What the task asks
The output must contain exactly the lines from the top of the listing below through the line containing "近年来,为确保搬迁群众搬得出", and no pictures.

Given material
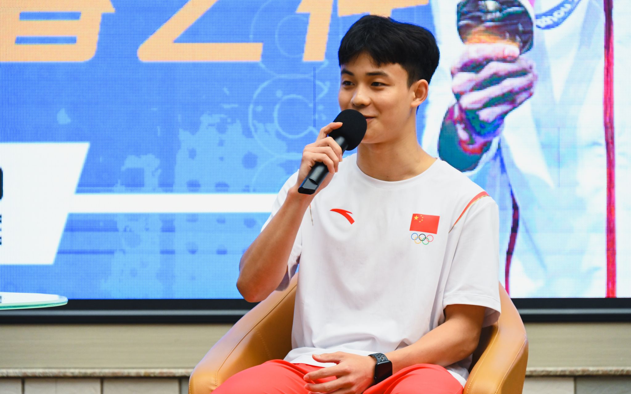 活动现场播放了严思宇的亚运会夺冠视频,视频中他与搭档动作整齐划一,在空中完成高难度的翻转和抱膝动作,随着最后一跳入水,又一枚金牌收入中国代表队囊中,再次捍卫了梦之队的荣耀。在这荣耀称号背后,是无数中国跳水人一代又一代的努力。“相信,相信的力量”,严思宇被问到第一次参加国际比赛是否紧张时,他的坚定回答。他表示紧张在所难免,所以要多将注意力转移到自身,专注于自己的热身情况,让四肢充分伸展,这样能缓解一些紧张情绪,最重要的就是相信自己!相信自己能做到!
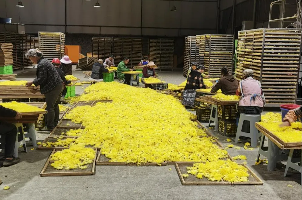 近年来,为确保搬迁群众搬得出、稳得住、有就业、能致富,永靖镇加大对团圆社区搬迁群众后续扶持力度,以创建菊花产业园为契机,探索推动农旅融合发展,促进搬迁群众持续稳定增收。“为延长菊花产业链,提升经济效益,团圆社区还种植了100亩食用菊和100亩中药材。主要包括北京菊、金丝黄菊和黄蜀葵,这些品种不仅具有观赏价值,还具有一定的食用、药用价值。”永靖镇相关部门工作人员杨凯介绍,目前,团圆社区菊花产业园通过加工并销售干菊花、黄蜀葵等,累计收入26万余元。
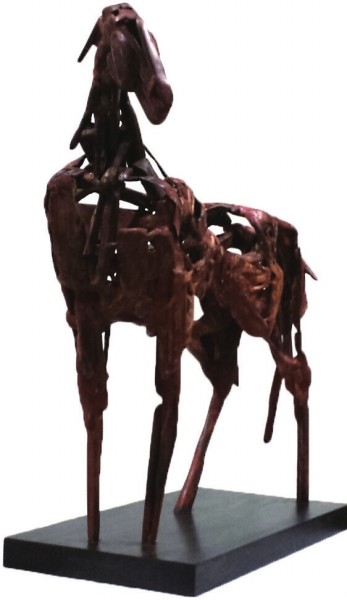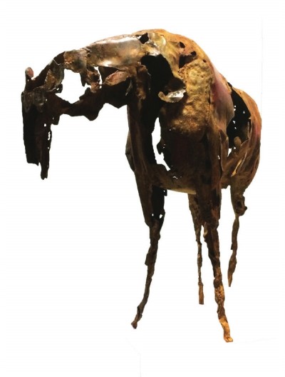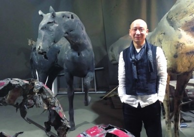 每当那些铁皮水桶、废铁片等“上新”时,雕塑家董斌总是第一时间前去“淘宝”,因为这些人们眼中的垃圾,对他来说可是雕塑创作的宝贝。 一匹铁马是怎样炼成的 董斌工作室里的雕塑马都是用废铁制成的,他用废铁做马,到现在已经有8个年头了。 之所以选择用废铁,董斌解释说,铁是生活中非常常见、却不受重视的材料,但这种材料刚强又朴实,“我个人比较喜欢用这种朴实、平常的材料来做出精神上高贵的作品,这是我的理想状态。而且我选的还是废铁,因为这些老旧的废弃物其实是有记忆有灵气的,我回收来用于新的创作,就是希望能让它们的生命延续。” 说起对铁的喜爱,这还要追溯到董斌的童年记忆。除了对铁皮玩具情有独钟之外,小时候,董斌住在北京老胡同里,附近有个制罐厂,他总是和小伙伴们跑去捡些铁皮片玩,或是拿去和同学交换。他还特别喜欢听倾倒罐头的声音,那种“哗啦哗啦”的巨响,在董斌耳朵里却像铜管乐般悦耳。这段记忆让他现在想起来也非常有感触。 包括现在制作雕塑的时候,董斌依然非常喜欢铁皮敲击的声音,除了自己会“叮叮当当”地敲,或者是拿脚踩,甚至还会从工作室二楼将铁皮往下扔,令其形成自然撞击的瘢痕,“这些都是来自童年回忆对我的影响,非常本真的表达。” 董斌从小就喜欢骑马,现在有空也会开车去北京近郊的草原上待个一天半天,观察马儿奔跑时的样子,通过骑马,可以更直观了解马儿的体形和肌肉感。8年时间里,他已经做了近90件关于马的作品。他做的马,每一件都是孤品,风格各异的形态也寄托了他对马的喜爱之情。他还将铁马雕塑命名为“蜕变”系列,源于他对自然生态提出的思考,采用废铁为材料,通过切割、焊接、锻造进行创作。制作一匹等比例的马,一般需要3到6个月的时间。制作过程非常累,首先,每一块铁皮都需要经过长时间的敲打,使之符合该部位的形态,此外,还要进行打磨和着色处理。接下来,要通过电焊把这些零散的铁皮部件焊接在一起,“我做的时候一般是先做躯干,然后添加四肢,让它立起来。”制作过程还经常有反复,因为每加上一块新铁片,就会对雕塑整体产生新的影响,要不断去调整,使之达到理想效果。 有些“工作狂”的董斌往往是早9点开工一直到晚上10点才停歇,即便佩戴了完备的护具,长时间的电焊常常会烤得他脸上起皮,眼睛也会有晃眼的现象,需要两三天才能恢复。值得一提的是,董斌用来着色的“颜料”非常特别,他平时就喜欢收集雨水和工作室的尘土,有时候也会加入一些颜料混合,通过火的历练使其蜕变而再生,使材料更加生锈,产生一种朴实平静的感觉。他说,深厚、朴素,生命既是如此。有国画基础的董斌,在作品中还运用了中国水墨大写意手法,大量留白、空洞,像是太湖石隔空望景,让虚空间与实体空间对话,他希望体现出中国哲学精神。 废铁或许不美,但足够动人 虽然是废铁,依然是有挑选标准的。 董斌会挑有一定厚度的铁板但又不能太沉,“当我将铁皮焊接起来的时候,我希望能展现一种类似折纸的感觉,让坚硬的东西软化、脆化。”此外,他也会挑一些本身带有漆面的有色铁板,再对局部进行修补,但铁板的破损程度和锈斑都会尽可能保留,他希望尽量呈现铁板的原始状态。还有一种,是被机器挤压过的铁片也得到董斌的亲睐,“因为坚硬的东西再被外力挤压过,再进行释放,这种张力是无法做出来的。” 董斌还会特别收集一些带有特色花纹的铁片,有时候会将这种特别的图案加在马的脖子或脚腕上,有种纹身的感觉。 董斌觉得,现在的审美太过甜美了,而艺术有时候承载的不一定是美,也可以是痛苦、忧郁等,“我希望展现的是多方面的,这也是我选择铁的原因之一。”出了“蜕变”系列,董斌的“霓裳”和“城市”系列,也都是用废铁作为材料。“霓裳”系列,是用废铁做的服装雕塑,虽然物体只有衣服本身,但造型的律动感却像是穿在了人的身上一样灵动。而“城市”系列的作品为数不多,却极具特色。比如“天安门”的雕塑让人印象深刻,他用废铁做出的天安门城楼和大众眼中庄严肃穆的形象并不符合,但对董斌来说,那才是他记忆里的那座久经沧桑的老城,是经过董斌反复推敲而成的。 “作为艺术家,作品系列不必多,但需要无限的追求。”董斌常常会告诉自己“我们没有自己想象得那么好”来鞭策自己,未来他的作品系列也许不会增加,但每个系列都会不断精进。 董斌说,想做一件作品,一定是因为曾经被某件事物打动过,想用情感去打动别人。他会坚持用自己独特的表达方式,使被大家抛弃的废品得到另一种生命的延续,“废铁经过敲打和焊接进行再生,变成一件比我的生命更加长远的艺术品,并将一直延续下去。”
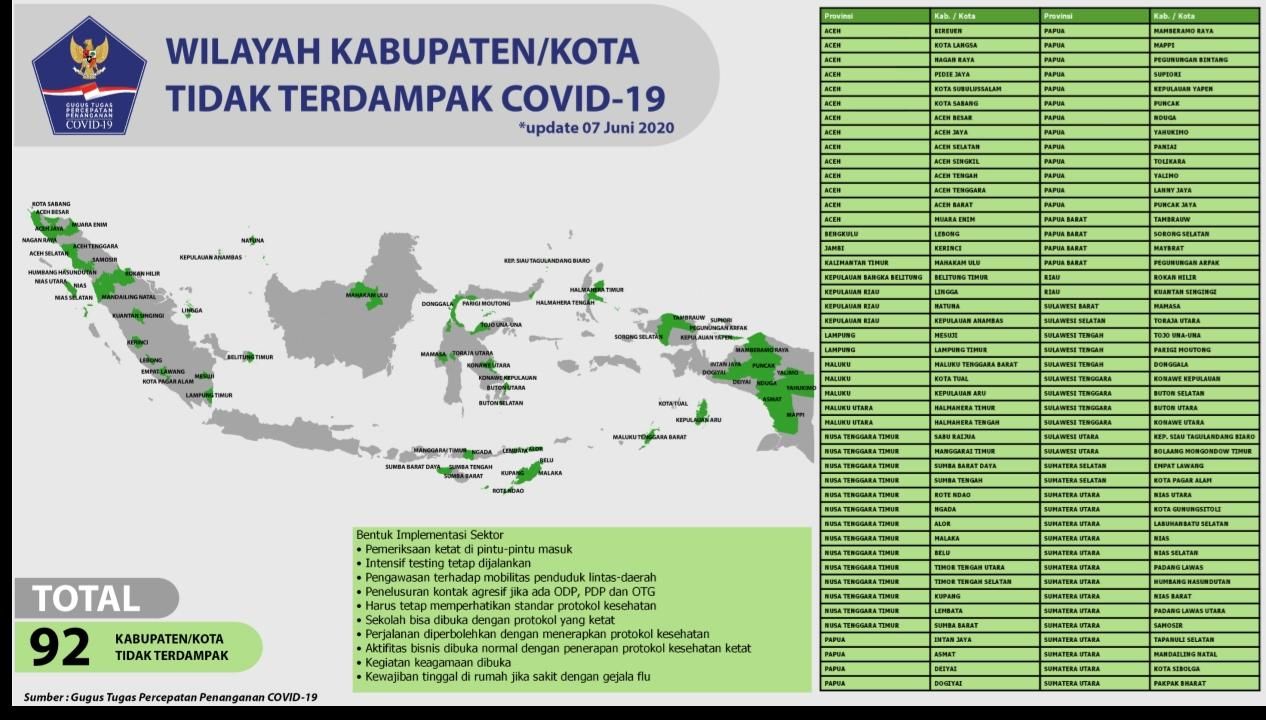 Doni mengatakan 92 daerah tersebut merupakan data per 7 Juni 2020. Zona hijau tersebut tersebar di beberapa provinsi, seperti Aceh, Bengkulu, Jambi, Kalimantan Timur, Kepulauan Bangka Belitung, Kepulauan Riau, Lampung, Maluku, Maluku Utara, Nusa tenggara Timur, Papua, Papua Barat, Riau, Sulawesi Barat, Sulawesi Tengah, Sulawesi Selatan, Sulawesi Tenggara, Sulawesi Utara, Sumatera Selatan, dan Sumatera Utara.

Your solution
 活动现场播放了严思宇的亚运会夺冠视频,视频中他与搭档动作整齐划一,在空中完成高难度的翻转和抱膝动作,随着最后一跳入水,又一枚金牌收入中国代表队囊中,再次捍卫了梦之队的荣耀。在这荣耀称号背后,是无数中国跳水人一代又一代的努力。“相信,相信的力量”,严思宇被问到第一次参加国际比赛是否紧张时,他的坚定回答。他表示紧张在所难免,所以要多将注意力转移到自身,专注于自己的热身情况,让四肢充分伸展,这样能缓解一些紧张情绪,最重要的就是相信自己!相信自己能做到!
 近年来,为确保搬迁群众搬得出、稳得住、有就业、能致富,永靖镇加大对团圆社区搬迁群众后续扶持力度,以创建菊花产业园为契机,探索推动农旅融合发展,促进搬迁群众持续稳定增收。“为延长菊花产业链,提升经济效益,团圆社区还种植了100亩食用菊和100亩中药材。主要包括北京菊、金丝黄菊和黄蜀葵,这些品种不仅具有观赏价值,还具有一定的食用、药用价值。”永靖镇相关部门工作人员杨凯介绍,目前,团圆社区菊花产业园通过加工并销售干菊花、黄蜀葵等,累计收入26万余元。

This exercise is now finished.